Set down exactly the lines in the records below that run from the line with "Poznaj pięknie wykonany" to the line with "The new Oceanmaster", inclusive, and nothing more.

MATERIAL FOR THIS EXERCISE -

#####

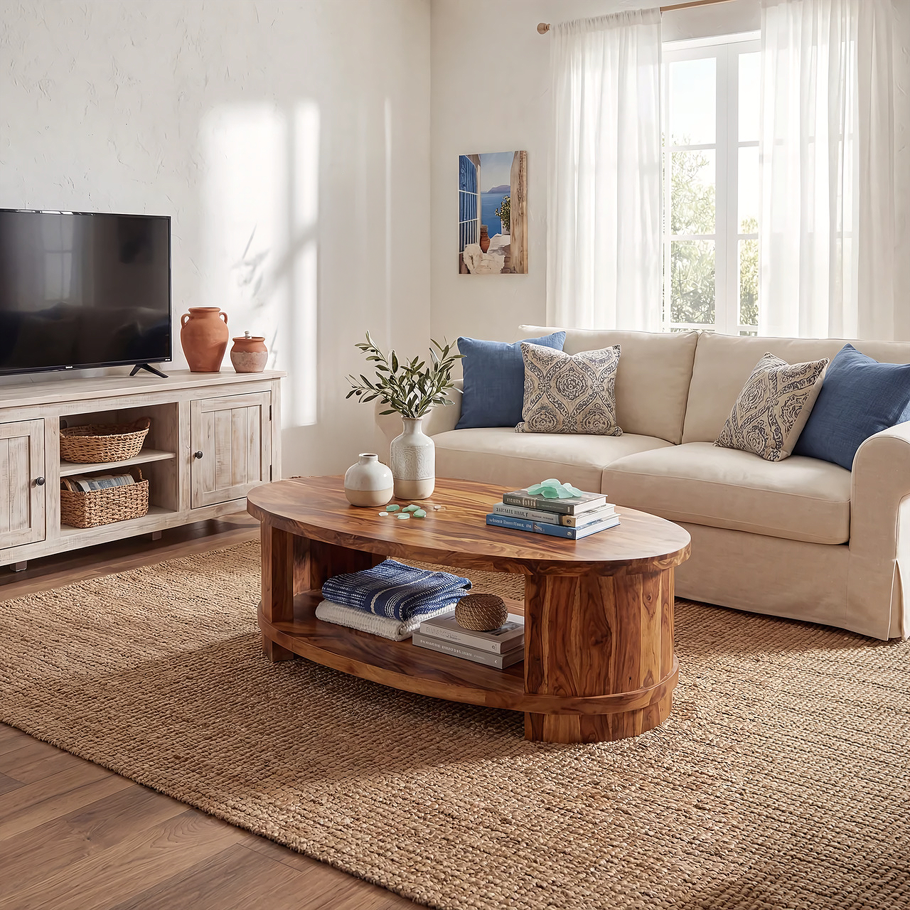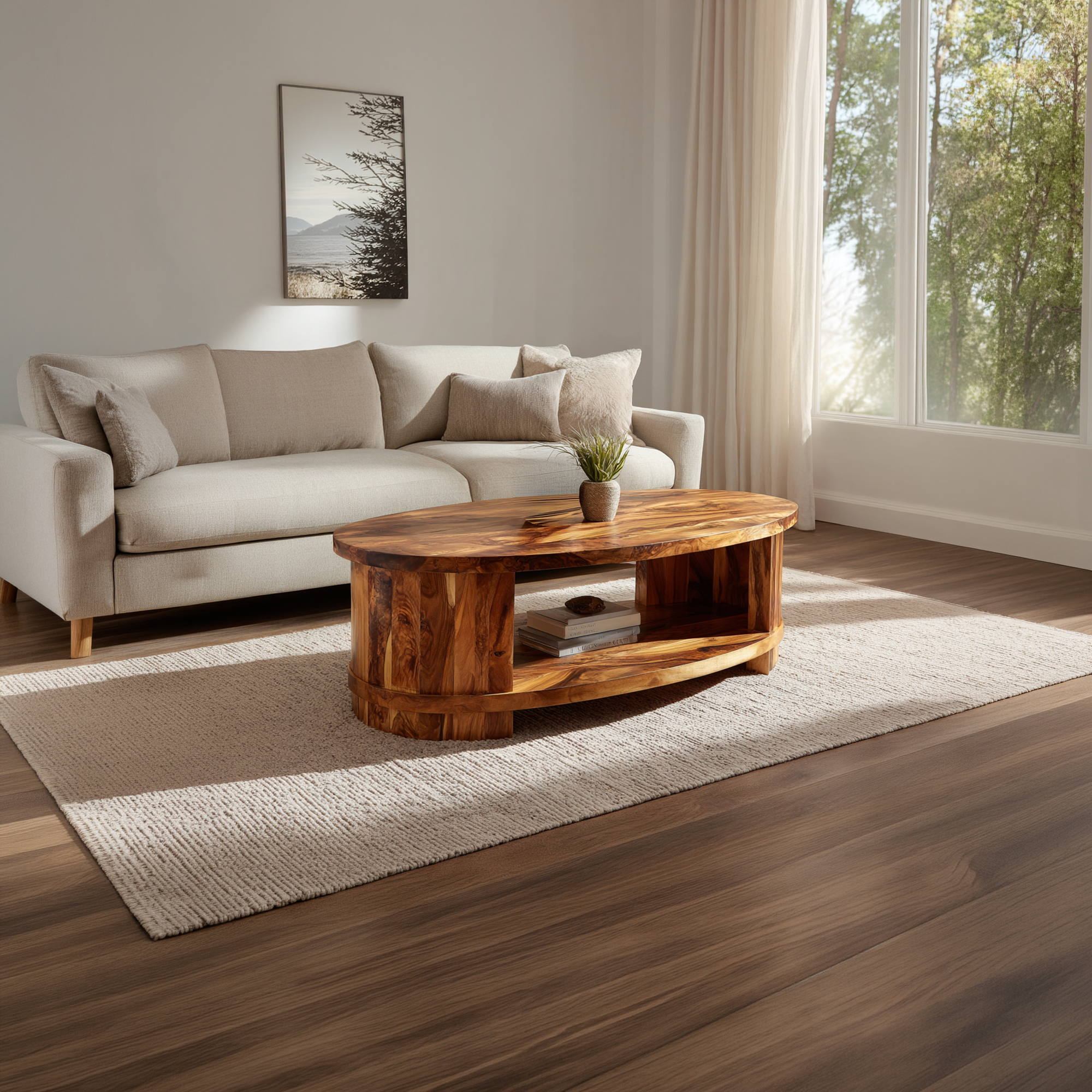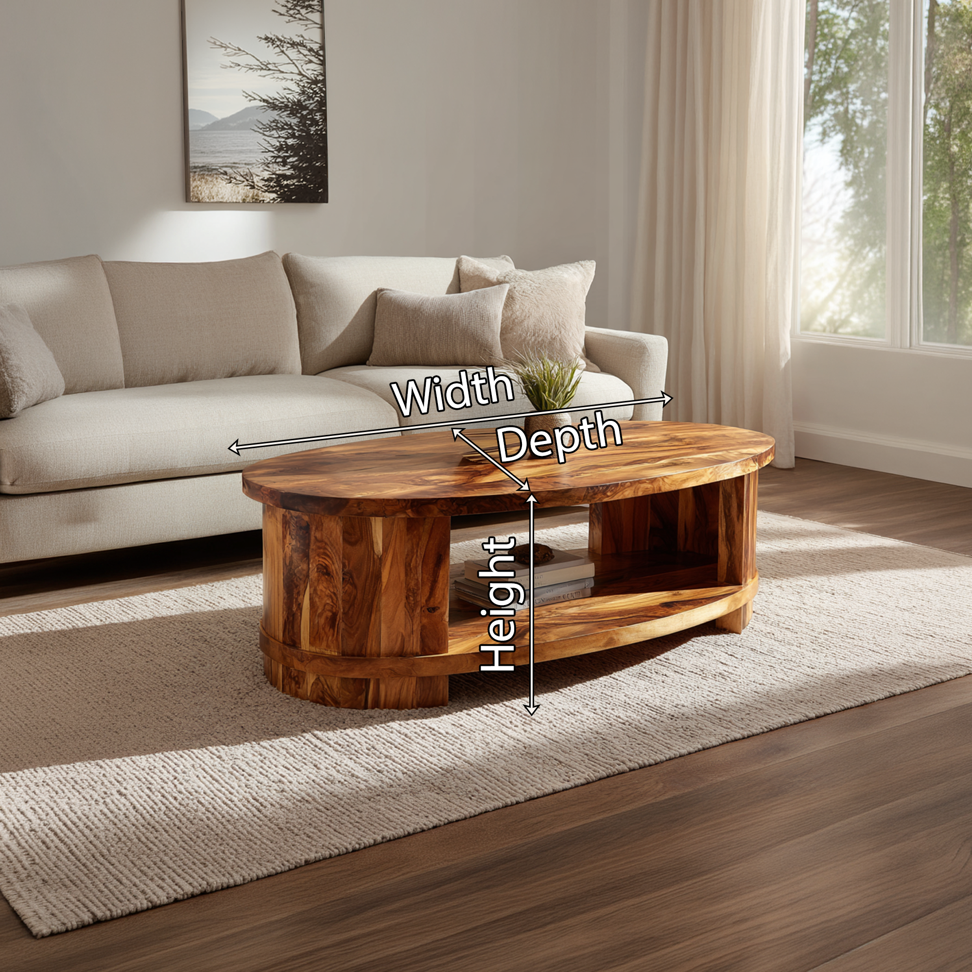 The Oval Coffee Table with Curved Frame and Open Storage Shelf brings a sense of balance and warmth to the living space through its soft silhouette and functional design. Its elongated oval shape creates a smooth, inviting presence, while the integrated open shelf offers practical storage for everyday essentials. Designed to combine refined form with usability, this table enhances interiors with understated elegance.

#####

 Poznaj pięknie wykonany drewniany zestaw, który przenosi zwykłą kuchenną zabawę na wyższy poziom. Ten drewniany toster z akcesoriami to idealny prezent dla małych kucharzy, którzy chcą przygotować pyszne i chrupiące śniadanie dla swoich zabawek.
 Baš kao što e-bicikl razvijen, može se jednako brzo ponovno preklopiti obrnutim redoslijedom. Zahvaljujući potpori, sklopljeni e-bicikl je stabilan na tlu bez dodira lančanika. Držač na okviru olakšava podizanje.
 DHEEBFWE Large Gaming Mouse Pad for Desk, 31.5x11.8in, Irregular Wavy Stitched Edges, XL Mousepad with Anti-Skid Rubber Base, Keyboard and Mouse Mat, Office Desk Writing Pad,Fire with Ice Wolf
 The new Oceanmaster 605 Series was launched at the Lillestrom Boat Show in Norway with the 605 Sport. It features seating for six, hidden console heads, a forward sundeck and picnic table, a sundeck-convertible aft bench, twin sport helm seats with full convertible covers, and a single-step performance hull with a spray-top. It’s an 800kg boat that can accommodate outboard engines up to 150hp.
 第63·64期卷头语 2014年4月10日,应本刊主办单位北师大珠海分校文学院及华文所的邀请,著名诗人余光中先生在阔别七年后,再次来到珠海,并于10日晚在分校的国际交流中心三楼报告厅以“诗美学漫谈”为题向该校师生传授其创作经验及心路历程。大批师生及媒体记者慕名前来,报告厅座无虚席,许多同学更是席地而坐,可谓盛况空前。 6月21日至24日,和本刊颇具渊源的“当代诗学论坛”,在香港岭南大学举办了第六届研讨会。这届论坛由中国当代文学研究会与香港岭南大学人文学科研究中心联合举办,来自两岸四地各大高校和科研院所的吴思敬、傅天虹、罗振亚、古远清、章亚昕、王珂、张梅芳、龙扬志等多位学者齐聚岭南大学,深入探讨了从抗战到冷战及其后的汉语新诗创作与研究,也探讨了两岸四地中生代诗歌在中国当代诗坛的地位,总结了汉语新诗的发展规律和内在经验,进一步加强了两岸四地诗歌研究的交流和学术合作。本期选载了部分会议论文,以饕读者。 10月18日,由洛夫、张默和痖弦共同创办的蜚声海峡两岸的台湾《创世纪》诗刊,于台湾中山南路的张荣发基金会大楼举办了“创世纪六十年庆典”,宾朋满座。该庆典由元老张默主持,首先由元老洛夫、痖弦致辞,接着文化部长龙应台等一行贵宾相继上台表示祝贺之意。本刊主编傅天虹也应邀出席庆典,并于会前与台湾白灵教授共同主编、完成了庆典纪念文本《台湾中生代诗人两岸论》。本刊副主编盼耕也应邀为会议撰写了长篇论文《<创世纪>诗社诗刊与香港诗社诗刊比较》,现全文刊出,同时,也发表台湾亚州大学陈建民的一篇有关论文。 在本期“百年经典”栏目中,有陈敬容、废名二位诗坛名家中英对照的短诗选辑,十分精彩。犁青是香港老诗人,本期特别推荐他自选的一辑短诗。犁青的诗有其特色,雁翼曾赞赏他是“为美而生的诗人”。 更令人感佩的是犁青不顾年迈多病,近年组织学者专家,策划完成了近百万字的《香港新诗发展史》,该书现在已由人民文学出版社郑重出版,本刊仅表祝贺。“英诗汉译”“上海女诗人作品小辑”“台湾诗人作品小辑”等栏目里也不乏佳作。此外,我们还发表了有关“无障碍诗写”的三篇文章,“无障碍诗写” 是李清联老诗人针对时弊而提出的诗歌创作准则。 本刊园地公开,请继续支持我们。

#####

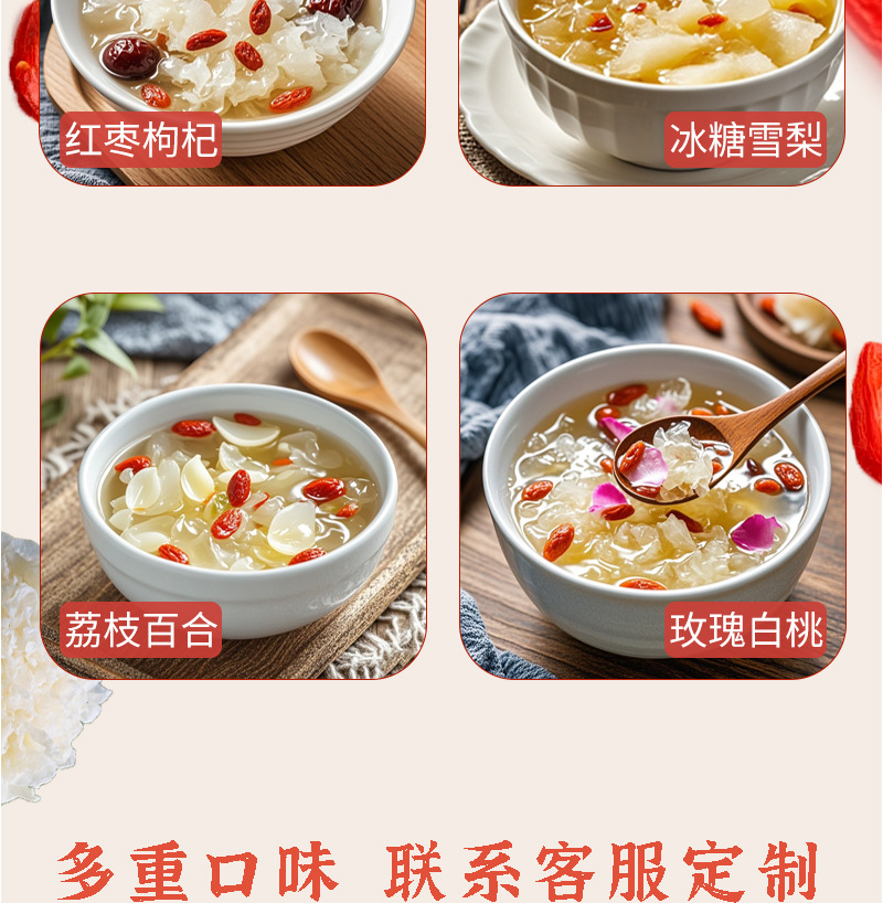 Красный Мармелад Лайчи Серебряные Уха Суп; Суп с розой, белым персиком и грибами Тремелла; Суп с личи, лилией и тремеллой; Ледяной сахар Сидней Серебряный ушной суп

#####

SOLUTION TO THIS TASK -
 Poznaj pięknie wykonany drewniany zestaw, który przenosi zwykłą kuchenną zabawę na wyższy poziom. Ten drewniany toster z akcesoriami to idealny prezent dla małych kucharzy, którzy chcą przygotować pyszne i chrupiące śniadanie dla swoich zabawek.
 Baš kao što e-bicikl razvijen, može se jednako brzo ponovno preklopiti obrnutim redoslijedom. Zahvaljujući potpori, sklopljeni e-bicikl je stabilan na tlu bez dodira lančanika. Držač na okviru olakšava podizanje.
 DHEEBFWE Large Gaming Mouse Pad for Desk, 31.5x11.8in, Irregular Wavy Stitched Edges, XL Mousepad with Anti-Skid Rubber Base, Keyboard and Mouse Mat, Office Desk Writing Pad,Fire with Ice Wolf
 The new Oceanmaster 605 Series was launched at the Lillestrom Boat Show in Norway with the 605 Sport. It features seating for six, hidden console heads, a forward sundeck and picnic table, a sundeck-convertible aft bench, twin sport helm seats with full convertible covers, and a single-step performance hull with a spray-top. It’s an 800kg boat that can accommodate outboard engines up to 150hp.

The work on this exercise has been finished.